CCSS: Modeling and Learning Space-time Structures for Real-time Environment Perception

August 1st, 2024 - July 31st, 2027

Categories: Software, Deep Learning, Machine Learning, Data Science, Computer Vision, Image Processing

About

Developing sensing circuits and systems capable of perceiving the physical environment is an essential step toward next-generation cyber-physical systems that leverage computation, communication, and sensing integrated with the physical domain. The recent introduction of a class of artificial intelligence (AI) methods known as deep learning has drastically advanced vision-based environment perception. However, the applicability of these methods is significantly limited by their reliance on vast amounts of 3D annotations for training, which are expensive, unnatural, and often unobtainable. Acquiring 3D annotations necessitates specialized data captured by 3D sensors rather than utilizing abundant and readily available images or videos. Moreover, it requires a controlled environment or compromises with inaccurate subjective labeling. This project aims to address real-time environment perception in a very challenging, largely unexplored, yet highly practical setting, where only 2D annotations are available during training, by modeling and learning rich space-time structures of the environment. The outcomes of this project will significantly impact cyber-physical systems and facilitate a wide range of applications, from robots in manufacturing and personal services to autonomous vehicles that enhance people’s mobility and safety. Furthermore, this project will tightly integrate research and education at the University of Illinois Chicago (UIC), which is a Minority Serving Institution (MSI), through curriculum development, research training for high school, undergraduate, and graduate students, broadening the participation of female and minority students, and community outreach.

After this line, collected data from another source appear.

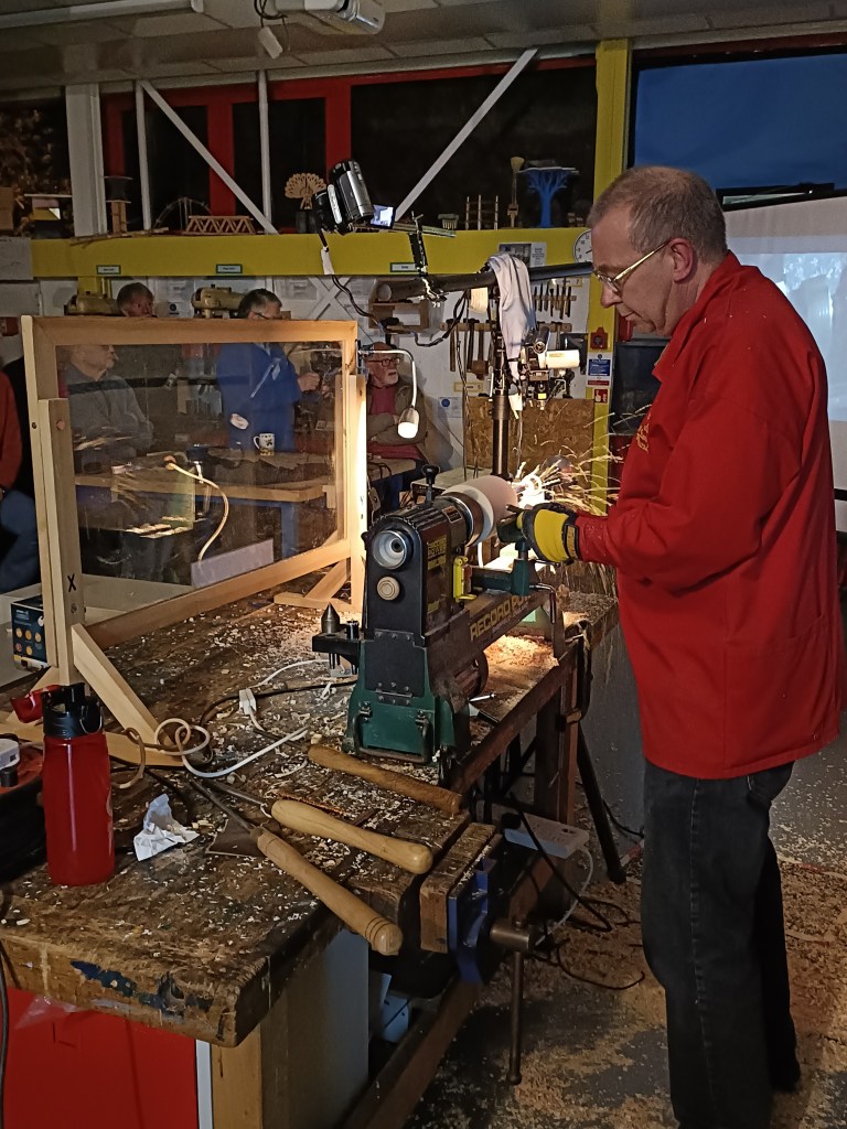 As usual on our Hands On evenings we get out our 4 club lathes for members to have a go under the watchful eyes of our lathe leaders. The project set tonight was to make a needle case and a number of members, new and not so new, tackled the task.
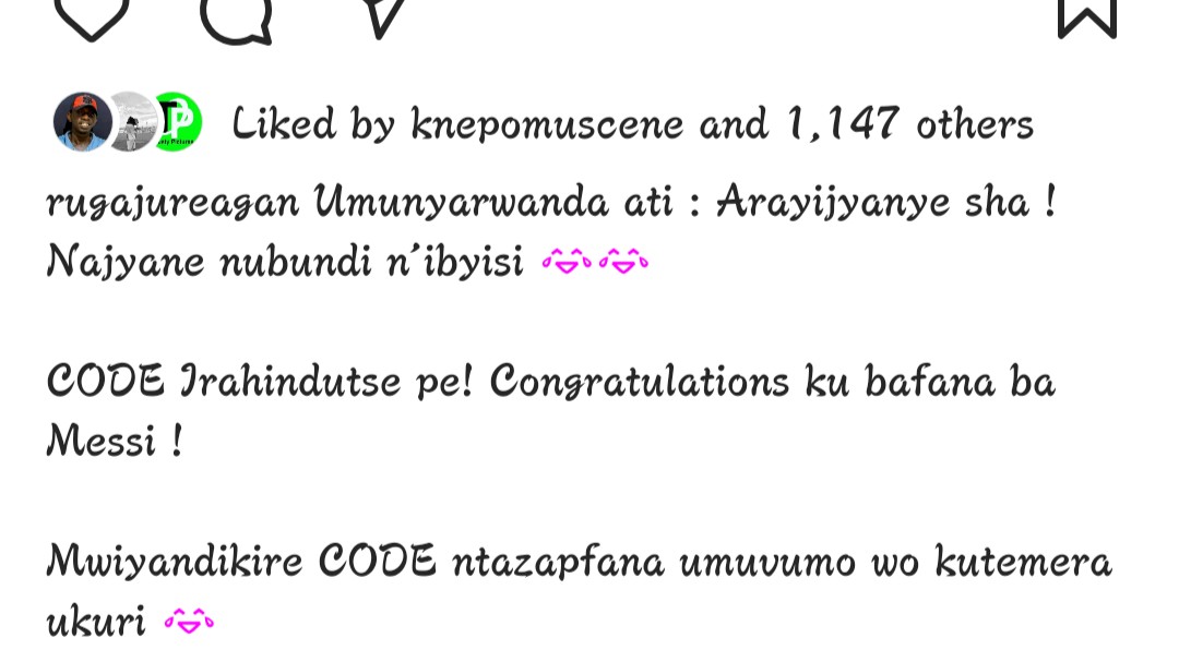Abinyujije ku rukuta rwe rwa Instagram, Reagan Rugaju yagize ati: “Umunyarwanda ati ‘arayijyanye sha! Ni ajyane n’ ubundi ni iby’isi’ code irahindutse pe! Congratulations ku bafana ba Messi! Munyandikire code ntazapfana kutemera.”
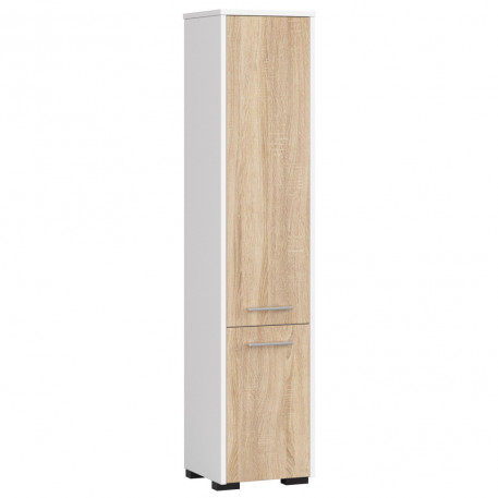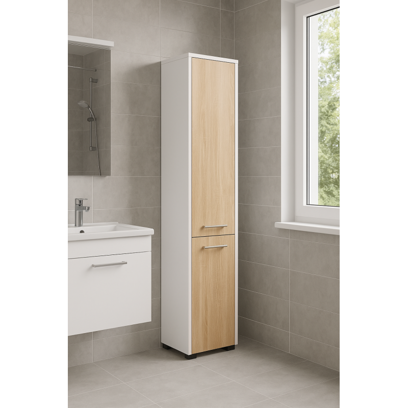 Scurta descriere Dulapul FIN este o piesa functionala si moderna, ideala pentru bai de orice dimensiune. Poate fi montat pe perete sau asezat pe podea, oferind flexibilitate maxima in amenajare. Construit din PAL laminat rezistent, combina nuantele calde de stejar sonoma cu albul mat, aducand un aspect luminos si natural incaperii.
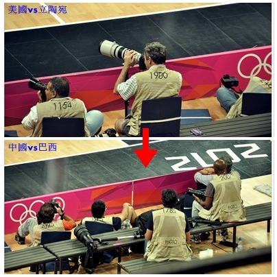 當我們看完了美國隊隊立陶宛之候,緊接著的是中國對巴西。這兩隊一打,馬上就顯出我們前一場比賽的水準有多高;第一節才剛比完,我旁邊坐的中國人就"不忍卒賭"的迅速離場。等到第三節的時候,大概已經走光30%得觀眾了吧!
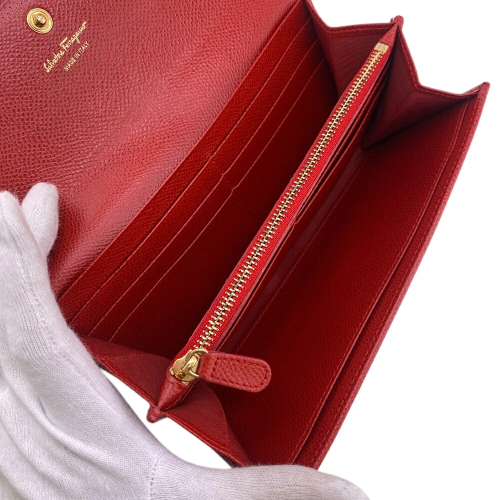 商品名 | Salvatore Ferragamo/サルヴァトーレフェラガモ JP-22-D149 ガンチーニ フラップ 長財布 レッド レディース |
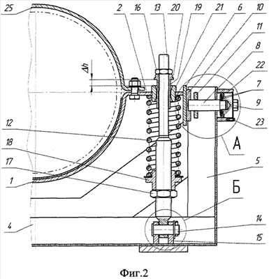 Предлагаемая сейсмозащитная опора для трубопровода включает ложемент 1 с двумя площадками 2, раму 3, состоящую из основания 4 и стоек 5, приваренные вертикально к площадкам плиты 6, к которым при помощи тарельчатых пружин 7, толкателей 8 и прижимных пробок 9 прижаты тормозные башмаки 10. Толкатель проходит через отверстие в направляющей пластине 11, приваренной к стойке рамы. Рама крепится к фундаменту (на фиг.1 не показано). Ложемент со своими площадками опирается на пружины 12, внутри пружин расположен шток 13, опирающийся на палец 14, вставленный в двойное ушко 15. Отверстие в штоке для прохождения пальца имеет форму однополостного гиперболоида для плавного перекатывания при наклоне штока влево и вправо на небольшой угол. В шток завернуты верхняя 16 и нижняя 17 контргайки. Пружина опирается на гайку регулирования 18. Сверху на шток завернута втулка скольжения 19, имеющая буртик 20. Втулка скольжения входит во втулку центрирующую 21, поверхность отверстия которой выполнена в форме однополостного гиперболоида. Между буртиком втулки скольжения и верхним торцом центрирующей втулки оставлен зазор h, величина которого назначается по максимальной амплитуде колебания трубопровода в вертикальной плоскости. Прижимная пробка 9 вставлена в резьбовую втулку 22, которая приварена к стойке 5. Чтобы исключить отворачивание прижимной пробки при вибрации, имеется стопорный винт 23. Для регистрации осадки пружины имеется контрольная линейка 24 с визиром. К ложементу трубопровод может крепиться полухомутом 25 или привариваться.
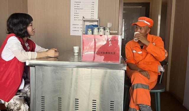 “这种天气,干活儿就像是在‘蒸桑拿’,汗水不断,嗓子都快冒烟了。”正在铺路的工人们边擦汗边感叹道,“工会送来的这杯绿豆汤真是清凉又暖心!”
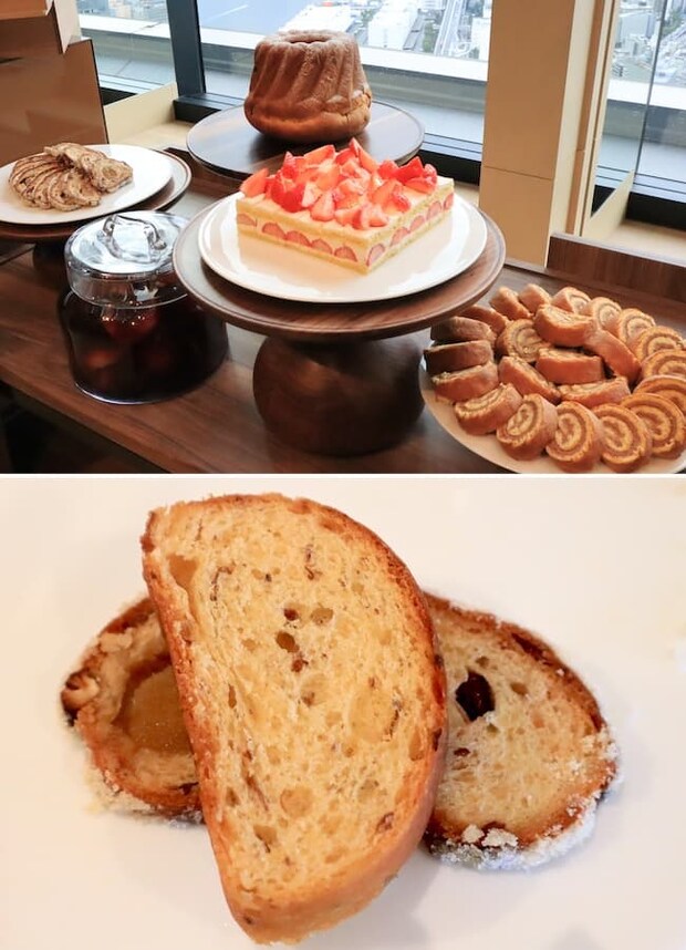 スタンドのスイーツ&セイボリーのほかに、好きなだけいただけるトロリーサービスがあるのもこちらの魅力。「洋ナシの赤ワイン煮」や「ストロベリーショートケーキ」など、トロリーサービスもクリスマスらしいラインナップで、今回は「シュトーレン」と「クグロフ」を試食しました。
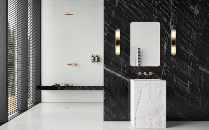 Cosentino introduces Oihana, a unique selection of Brazilian Black Spider quartzite. Its black base is interspersed with endless white veins and gold speckles, creating a whimsical pattern reminiscent of the sweeping, elegant silk threads of a spider’s web. This inimitable natural stone is further enhanced by Sensa’s exclusive stain-resistant protection technology.

This project will address real-time environment perception when only 2D annotations are available during training by systematically pursuing a novel approach that decomposes the complex physical environment into geometry and motion substructures in 3D space and models their rich space-time interactions. From streaming video, the trained system will not only recognize objects and scene layouts in the environment but also estimate their 3D geometry and 3D motion in real-time. This project is focused on (1) establishing a self-supervised framework for lifting 2D objects to 3D, by bridging geometry and motion, brightness constancy, and differentiable depth rendering, (2) scaling 2D-to-3D lifting of individual objects to perceive the entire environment, by modeling and learning short-term and long-term dynamics of the environment, and (3) achieving flexible and generalizable environment perception by handling articulated motion and out-of-distribution environments. The new approach is expected to be efficient in terms of the amount of annotations required for training, scalable to a wide range of objects, and robust to the complexity and diversity of real-world environments. This project will advance and enrich the fundamental research of visual sensing, perception, and learning. Moreover, this project will demonstrate the usability and robustness of the proposed approach in real cyber-physical systems.